Carlos asintió con ímpetu.
— Sí, no me resulta extraño que no me reconocieses. La última vez que nos vimos tenía treinta kilos de más.
Pestañeé muy seguido.
— Tú... estás muy cambiado — mi tono se suavizó sin apenas darme cuenta de ello.
— Lo sé — se rió Carlos —. ¿Te acuerdas? En esos tiempos solías defenderme de los abusones, incluso te rompiste un diente en una pelea por mi culpa — dijo con sentimiento —.Y cuando te confesé que quería entrar en el equipo de fútbol... tú no te reíste. Simplemente me dijiste: ¿a qué leñes estás esperando?
La lluvia empezaba a escampar.
— Tan solo lo dije para poder librarme de ti, te pegaste a mí como una verdadera lapa — comenté.
Carlos rió de nuevo.
— Fuiste como el hermano mayor que nunca tuve y pese al tiempo sin vernos... lo sigo considerando — dijo con embarazo.
— Colega, ¿cómo no he podido reconocerte? Sigues soltando las mismas cursilerías de siempre — resoplé con los ojos en blanco.
Carlos apoyó la barbilla entre sus brazos enlazados.
— En esos tiempos nunca me preguntaste por mi nombre real. Solías referirte a mí como chico, chaval o mocoso.
— Cierto.
Carlos se llevó una mano a la nuca.
— Y dime, ¿por qué yo ahora no puedo protegerte? Te lo debo. No, miento — entonces Carlos alzó la cabeza al cielo —. No es ninguna obligación. Quiero ayudarte de verdad. Después de conocernos me confesaste que pese a las dificultades habías sabido seguir adelante porque sentías que debías hacerlo. Que de aquí a un tiempo tenías el presentimiento de ser alguien, importante o no, pero alguien al fin y al cabo. Es por ello que no voy a permitir que hagas esta locura. Debes vivir — su mirada retornó entonces a la mía —, no solo por ti, sino por mí. Quiero que seamos amigos. Siempre podrás confiar en mí, te lo prometo. Dime, ¿me aceptarías?
Poco a poco, la lluvia cesó en su cometido y de entre las nubes grises que se habían anclado en el firmamento fue haciendo su aparición el sol, el cual no logró superar el brillo vivaz que chispeaba en los ojos de Carlos Galliano. No obstante, en lugar de darle una respuesta inmediata me quedé observando largo y tendido el cielo.

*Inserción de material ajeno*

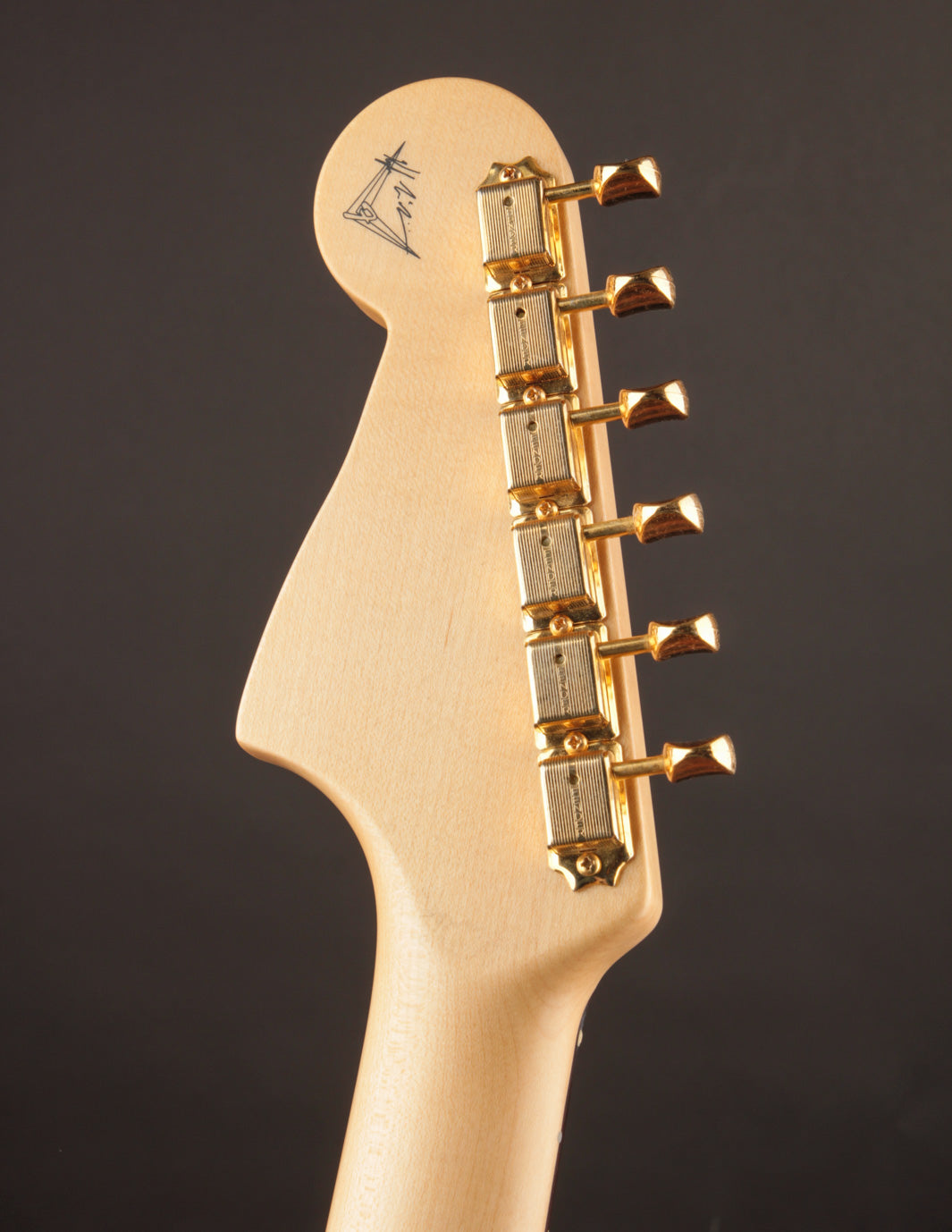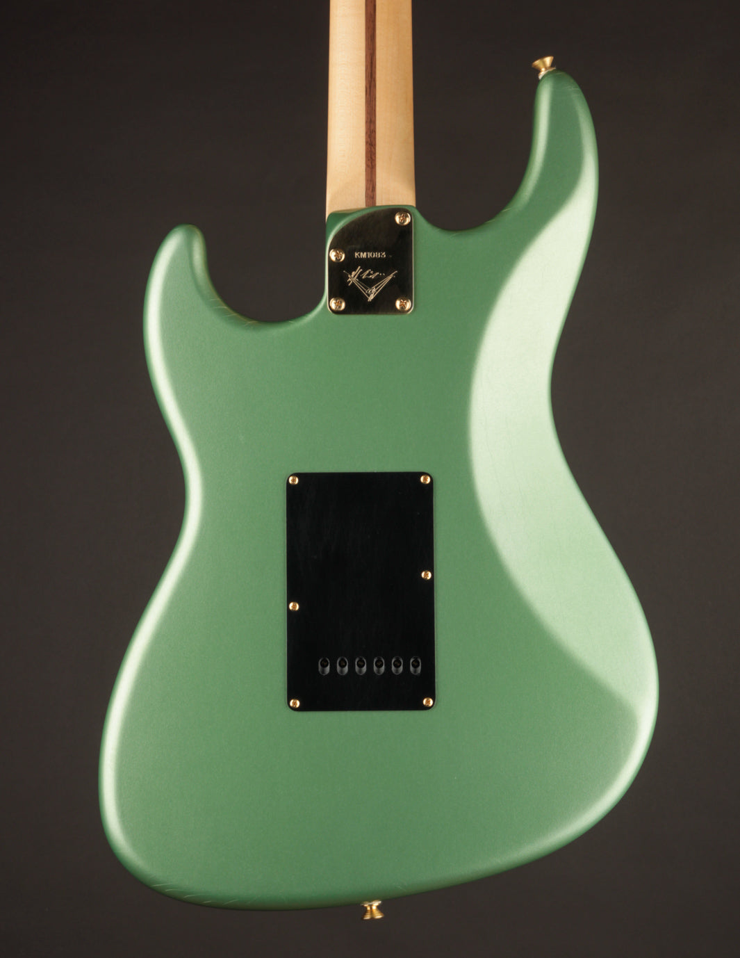 But the real magic reveals itself when you sit down to play it. Strats are known for comfort and ergonomics - that’s baked into the design. And somehow, Kyle has taken that to the next level. The guitar balances effortlessly and feels almost short-scale in how the body sets the neck: slightly elevated, slightly shifted right. It puts your fretting hand right where it wants to be. Cowboy chords are closer. Upper fret access is effortless. The deep scoop in the lower horn clears the way. It just feels right.

— ¿Puedo preguntarte algo? — dijo Carlos, uniéndose a mí. Al asentir con detenimiento, añadió —: ¿Por qué te las pasas siempre que puedes mirando el cielo?
Una alegría que manó de lo más profundo de mi ser hizo que mis labios se curvasen hasta formar una sonrisa.

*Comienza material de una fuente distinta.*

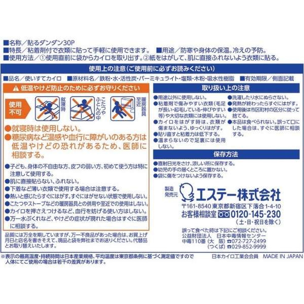 貼るダンダン 12時間持続 30個入 [レギュラーサイズ 貼る カイロ 使い捨てカイロ]

— No sabría muy bien cómo explicarlo, es algo así como un viejo amigo. Siempre que he necesitado compañía desde que era niño él estaba ahí. Le daba igual quién fuera, lo que hubiera hecho o lo que el resto de personas pensasen de mí. Simplemente estaba ahí ».

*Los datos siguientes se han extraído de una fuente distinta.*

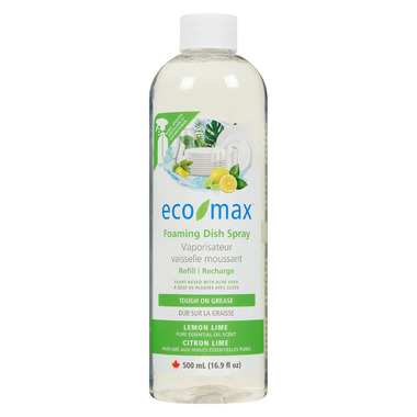 Eco-Max Foaming Dish Spray Refill saves you money and uses less plastic. Reuse your foaming trigger sprayer from our non-refill product. Foaming Dish Spray is the quickest way to hand-wash dishes, cutlery, glasses, pots and pans. Just spray, wipe, and rinse. This convenient, plant-based foam dish detergent saves time and water. Its perfect for cleaning while you cook and for households that typically hand-wash fewer dishes at a time. With its readily biodegradable formula, it's also a great companion on picnics, camping and other outdoors trips. With a fresh lemon lime essential oil scent.

Desde ese preciso momento, Carlos y yo nos hicimos inseparables, ayudándonos mutuamente el uno al otro. El largo y el fuerte. Pese a no decirme nada muchas de las "casualidades" que se presentaron en mi vida fueron obra suya. Como al encontrarme dinero en mi mochila (especialmente en el tiempo que a la herencia de mis padres ya le quedaba poco para acabarse), o dejarme dulces junto a la puerta de mi apartamento, o convencer a algún que otro profesor para que me subieran la nota de un cuatro a un suficiente por mi "arduo" esfuerzo. Incluso cuando ya no me quedó ni un solo euro en los bolsillos y tuve que recurrir a mi trabajo de ahora Carlos se ofreció a dejarme vivir en su propia casa (aunque la palabra adecuada sería palacio) hasta que las cosas me fuesen mejor. Sí, siempre había estado muy pendiente de mí. Y pensar que el chico más atlético y atractivo del instituto fue antes un chico gordo y marginado resultaba demasiado surrealista.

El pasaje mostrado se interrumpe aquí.